3. Moralismo jurídico
Neojusnaturalismo defendido por Cathein e Coing não sustenta mais a
tradicional ideia do sistema de normas eternas e imutáveis, mas as situalizam em um
determinado momento histórico. O direito possui ainda um conteúdo ético, do qual se
deduzem as normas, mas tais normas são condicionadas em um determinado período
histórico, e que os membros da sociedade do momento interpretam os valores. Os
valores, mesmo sendo absolutos, são descobertos progressivamente e podem também
ser esquecidos.
Radbruch defende que uma lei só é válida se justa; se ela viola a justiça (por
exemplo, se nega os direito humanos fundamentais) lhe deve ser negado o caráter
jurídico. Existe um direito supra legal que justifica a desobediência às leis injustas (por
exemplo: aquelas do Terceiro Reich). É uma questão de limite, seguindo assim a
chamada "fórmula de Radbruch", quando a injustiça do direito positivo alcança tal
limite que a certeza do direito não conta mais, então o direito positivo injusto deve
ceder diante da injustiça.
O jusnaturalismo contemporâneo se insere no sulco do assim chamado
moralismo jurídico (ou perfeccionismo), segundo o qual, em contraposição ao
liberalismo, os indivíduos não deveriam ser deixados livres para escolher qualquer
valor ou fim, porque a conservação da moralidade condividida por uma sociedade é um
valor que é perseguida com o instrumento coercitivo do direito. Do jusnaturalismo tais
valores são inseridos como verdade ética objetiva.

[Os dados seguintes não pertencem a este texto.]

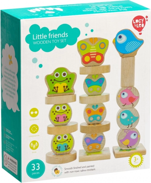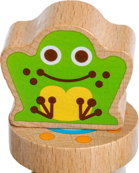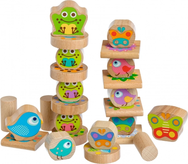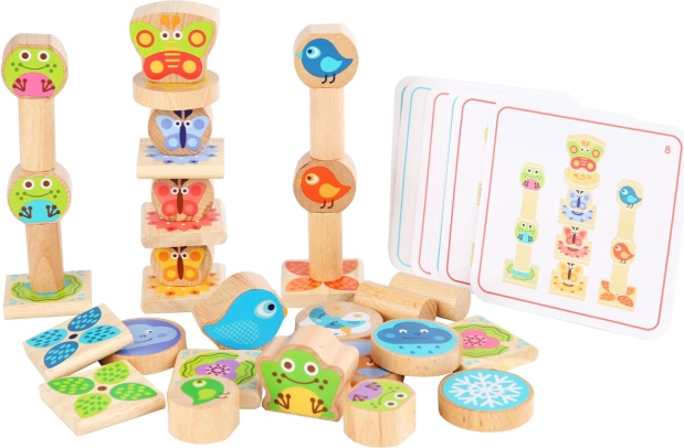 Atraskite linksmą medinį pusiausvyros žaidimą vaikams su varlyčių, paukštelių ir drugelių motyvais. Rinkinyje yra 33 detalės ir dvipusės kortelės su šablonais, kurios lavina smulkiąją motoriką, akių–rankų koordinaciją, kantrybę ir kūrybiškumą. Kokybiški mediniai blokeliai su užapvalintais kraštais yra saugūs mažoms vaikų rankoms ir telpa į patogų lininį maišelį kelionėms.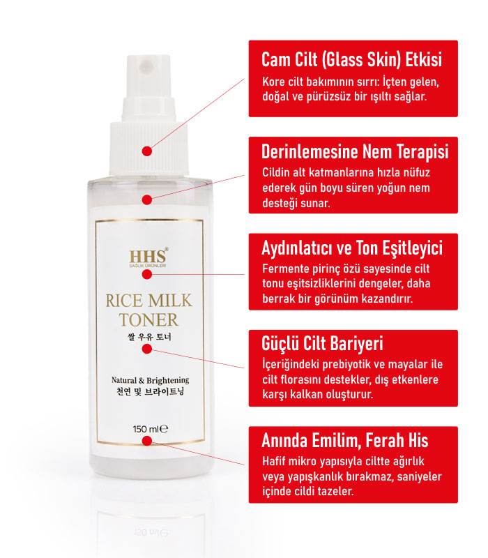 Cildinize kusursuz bir ışıltı ve derinlemesine nem kazandıran profesyonel bir dokunuş. Doğal fermantasyon süreciyle elde edilen gerçek pirinç mayası ve güçlü aktif bileşenlerle formüle edilen HHS Rice Milk Toner, cildin doğal mikrobiyomunu destekleyerek “cam cilt” (glass skin) berraklığı sunar. Sentetik his bırakmayan, anında emilen mikro-sprey yapısıyla cildinizin gün boyu neme doymuş, aydınlık ve esnek kalmasını sağlar.

Fuller por sua vez afirma que no direito existe uma moralidade interna
constituída de uma série de princípios, cujas normas são gerais, cognoscíveis, não
retroativas, não conflitantes, de adimplemento não impossíveis, de mutação não muito
rápida, de aplicação não excessivamente infiel, às quais cada direito positivo deveria
adeguar-se. Processual e não substancial, porque Fuller não indica os conteúdos das
normas 9se devesse fazê-lo indicaria um, o princípio mais importante: conservar a
comunicação com os princípios similares. A transmissão de um homem a outro das
consciências é à base da vida.
Finnis em sua postura neoclássica do direito natural, isto é, retomando Tomás
de Aquino, ele individualiza sete bens fundamentais: a sabedoria, a vida, o jogo, a
experiência estética, a amizade, a religião e a razão prática (aplicação da própria
inteligência à realidade, como escolha de açã0). Estas alcançadas somente através da
introspecção e reflexão (autoevidente), não através da observação empírica e nem
demonstrável, são as condições para o desenvolvimento e a realização dos indivíduos. O
direito deve garantir a realização dos planos de vida dos homens inspirados naqueles
sete bens; podem fazer isto traduzindo em normas jurídicas algumas normas morais
inderrogáveis, como aquelas contra o matar, mas também aquelas que vetam o suicídio,
o adultério, a contracepção etc. Isto se apoia sobre uma sólida tradição que tem bases
coagente seja na fé seja na razão, e defendem o ideal perfeccionista de uma vida boa,
válida para todos.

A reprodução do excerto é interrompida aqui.